In 2008, Gavin, Linda, Stephen and Lynette bought Gold Nugget Orchard which was growing Hayward, converting 14.5Ha of Hort16A – until it was infected by Psa.

Unsure if the industry he had invested so heavily in had a future, Gavin nonetheless put in place the best management practices and people he could for growing the new variety.

“We still manage the orchard as if Psa was a big problem, including sterilising our cutting tools, applying copper sprays when adverse weather events are forecast and paying attention to orchard hygiene and vine health,” says David.

Observation skills

The orchard’s four permanent staff are encouraged to be pro-active in their observation of what’s happening to the vines. Under David’s guidance, they’ve been taught meticulous and methodological workmanship, with the focus on doing a good job in the current season to result in an easier job in the following.

The orchard operates under the philosophy that “people are key”, paying staff no less than $20 an hour and providing social occasions and team building days.

Compost is applied to feed the vines, build humus and improve soil health. This is especially important in the new 3.9 ha greenfield development block of G3 which was grafted in 2015. “Previously this block could hardly grow grass, it was so hungry for nutrients,” says Gavin.

David and the Dyers have a passion and focus for thinking outside the square. They set up the new 3.8Ha block under hail net protection, with a mixture of Bounty and Bruno rootstock in a high-density layout to maximise production with alternate rows of triple planted Bruno which are sacrificial after two crops with the intention to convert to Bounty.

Reflective cloth

A trial using “Extenday” white reflective ground cover to lift production and improve vine health on the mature orchard has been so successful, it is being extended this season.

“The blocks with the ground cover had similar dry matter to other blocks, but produced more fruit,” says Gavin.

“Leaves stayed on the vines longer and the vines are healthier,” says David.
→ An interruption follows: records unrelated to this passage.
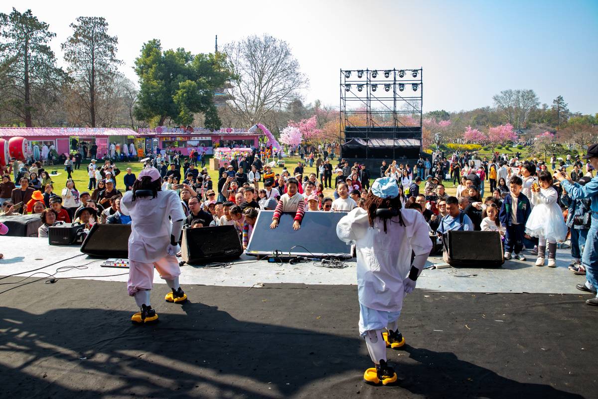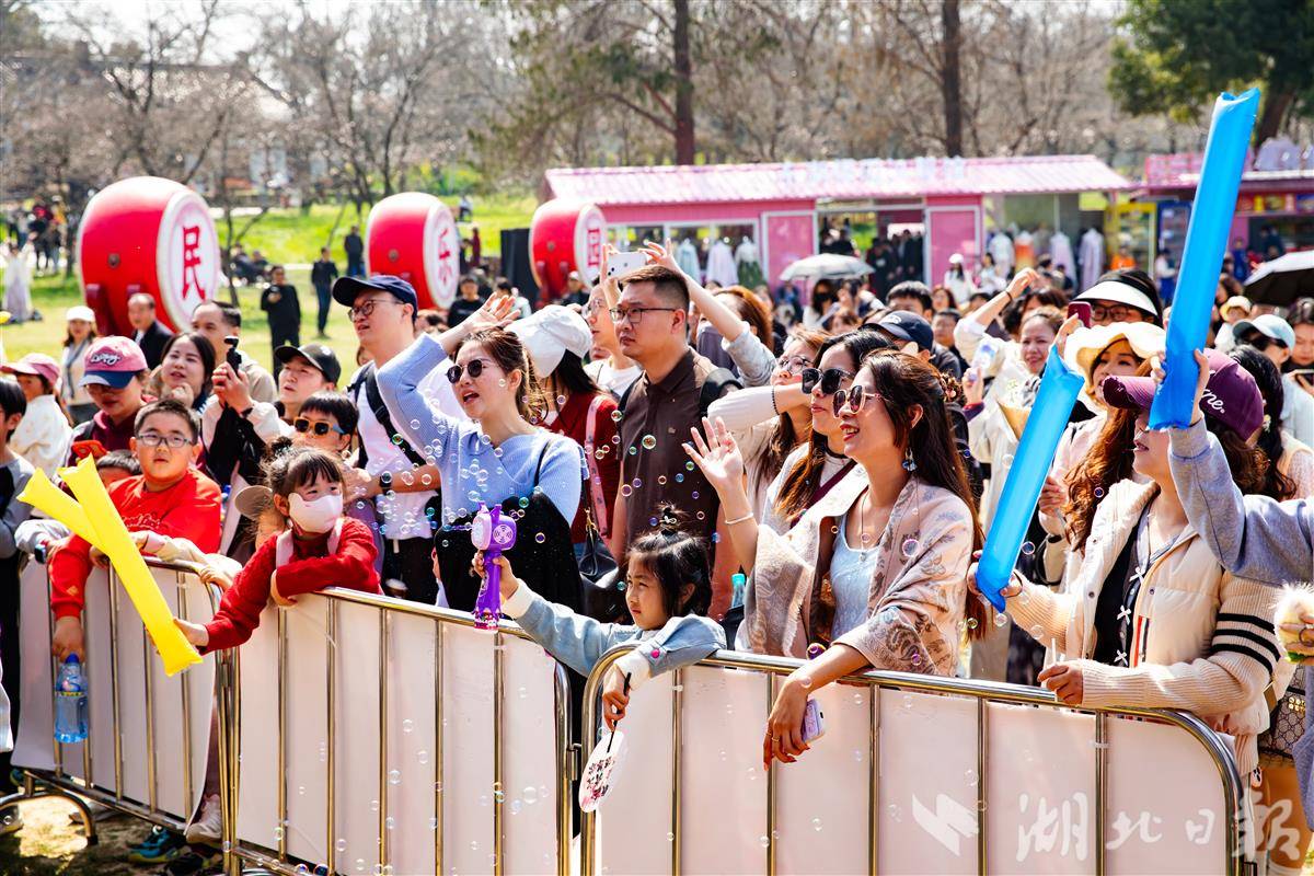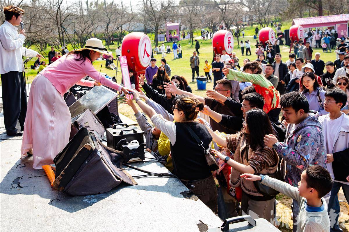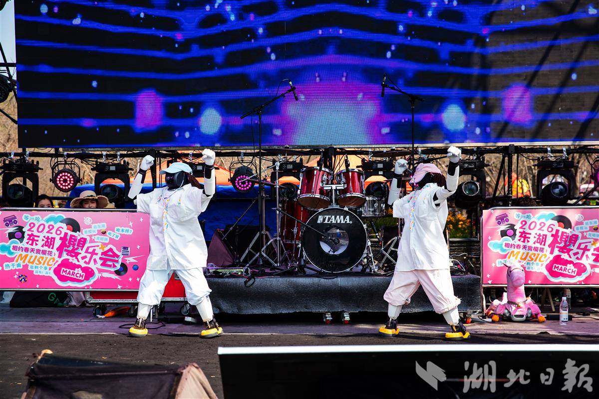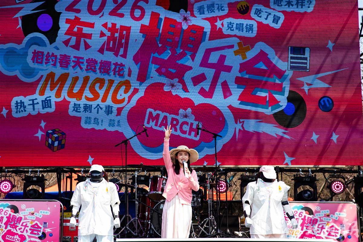 3月14日,武汉东湖樱花园的草坪上,音乐与樱花交织,游客们听热干面乐队唱着武汉的故事,唱着春天的歌,现场气氛热烈。据了解,本季的东湖“樱”乐会演出从3月7日持续到3月15日,从早上10点到晚上7点,会有不同的乐队和机器人的表演。东湖樱花园在繁花与歌声中迎来一年中最热闹的时节。(视界网 张美德 摄)
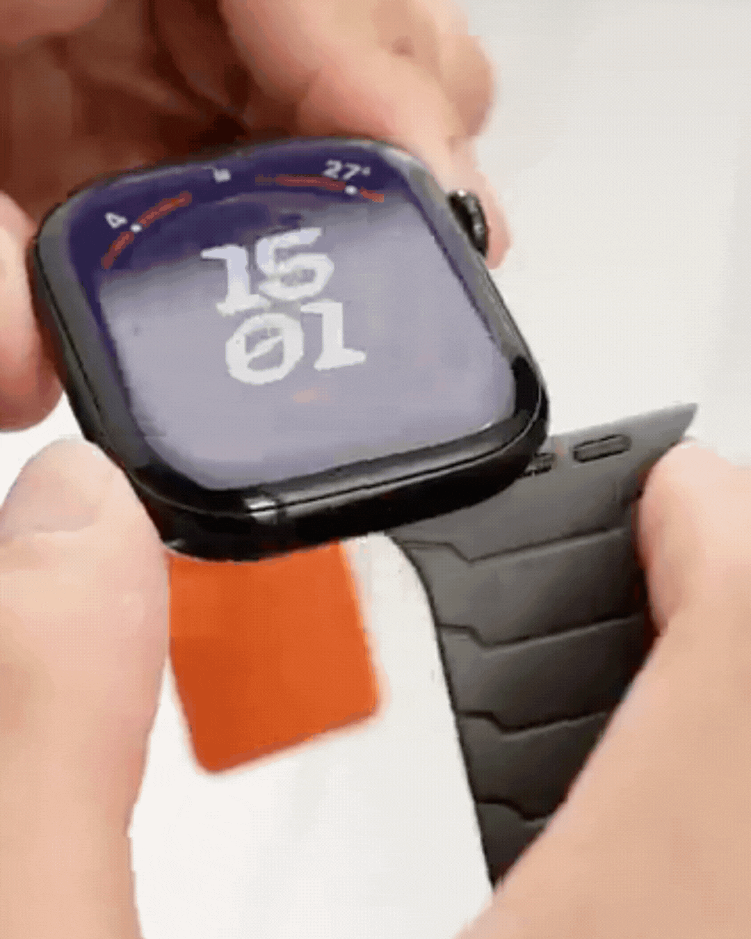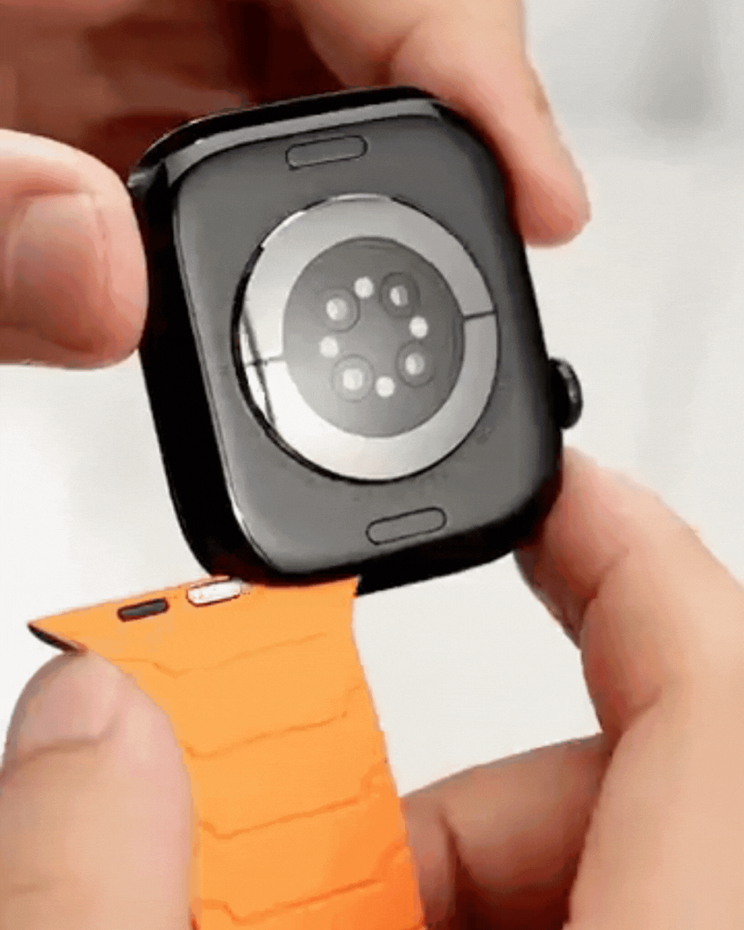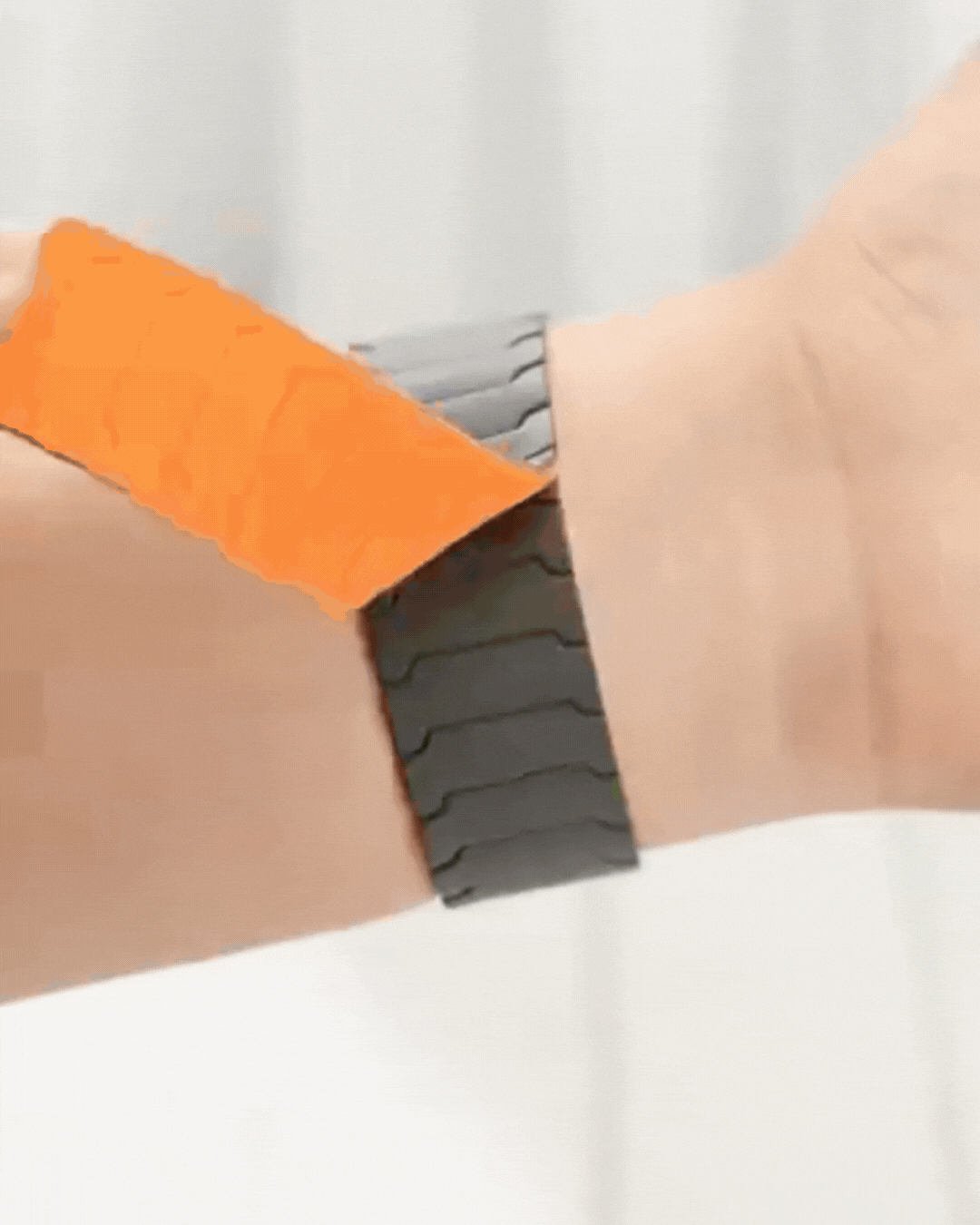 Our Titan Apple Watch Band features a magnetic loop closure that provides a secure and easy way to fasten the band without traditional buckles or clasps.
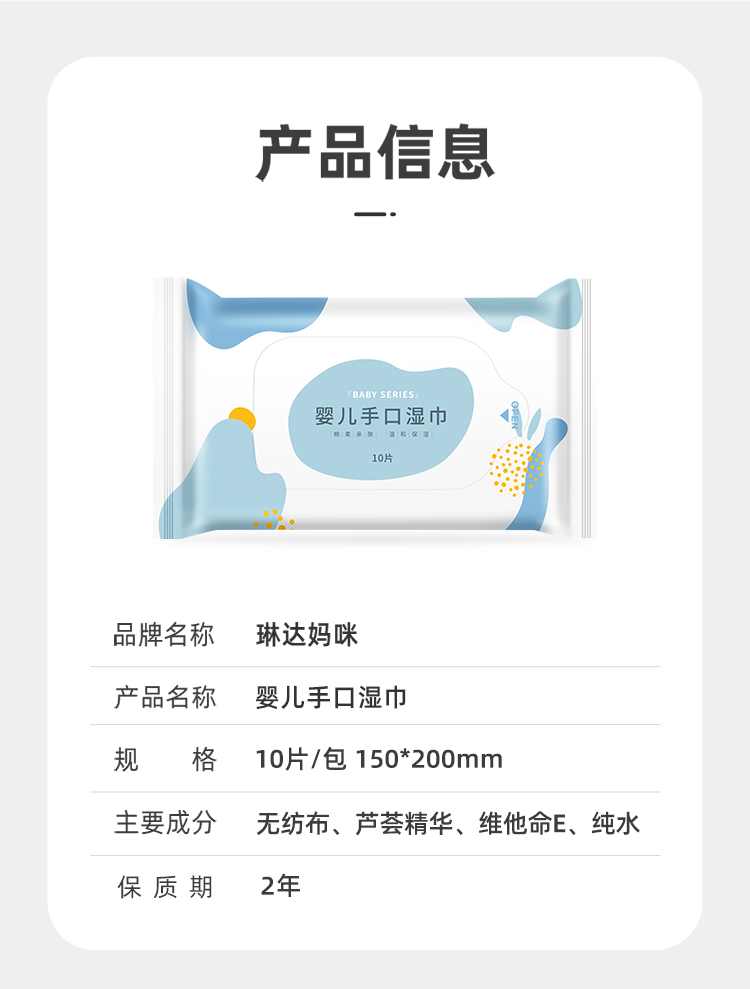商品名称:【大尺寸】琳达妈咪婴儿湿纸巾新生手口使用屁宝宝幼儿湿巾纸10抽
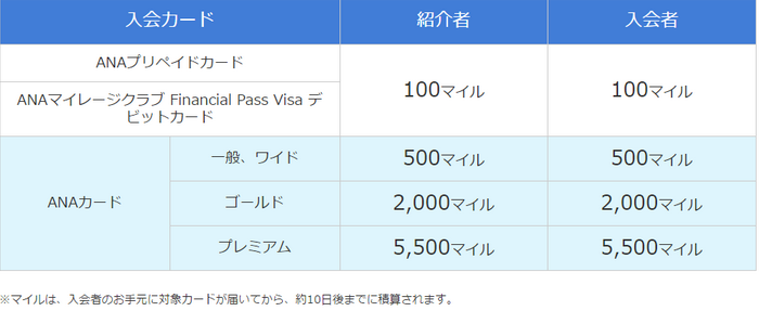 紹介者も入会者も、入会者が申し込んだカードの種類に応じて、同じだけマイルが貰えます。
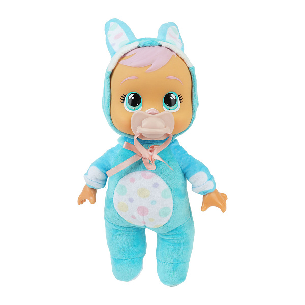 У малышки яркий голубой костюм с длинными ушками на капюшоне. В комплект входит соска розового цвета, которая поможет успокоить малышку.

It appears the full benefits of the $8000 per hectare investment will be on-going with further gains expected in subsequent seasons.

Hicane is applied at night to reduce spray drift risk. “People, animals and birds are not active outdoors at night,” says David. Another benefit of the practice is that it has reduced the need for flower thinning – possibly due to improved contact time in cooler, more moist conditions prevalent at night.

Gavin strongly believes the kiwifruit industry needs more young, talented and enthusiastic people like David to ensure its future. “There are currently limited pathways for young growers into orchard ownership.”

To assist David and wife Rebecca towards their orchard ownership goal, Gold Nugget Orchard partnership encouraged the couple to develop a Bruno rootstock nursery, and when they wanted to expand the operation, became guarantors for the loan to buy a 22ha block adjacent to their home.

Gold Nugget Orchard and its owners are growing not just high-quality kiwifruit, using sustainable practices, but they have an eye on the industry’s long-term future, and are nurturing people too.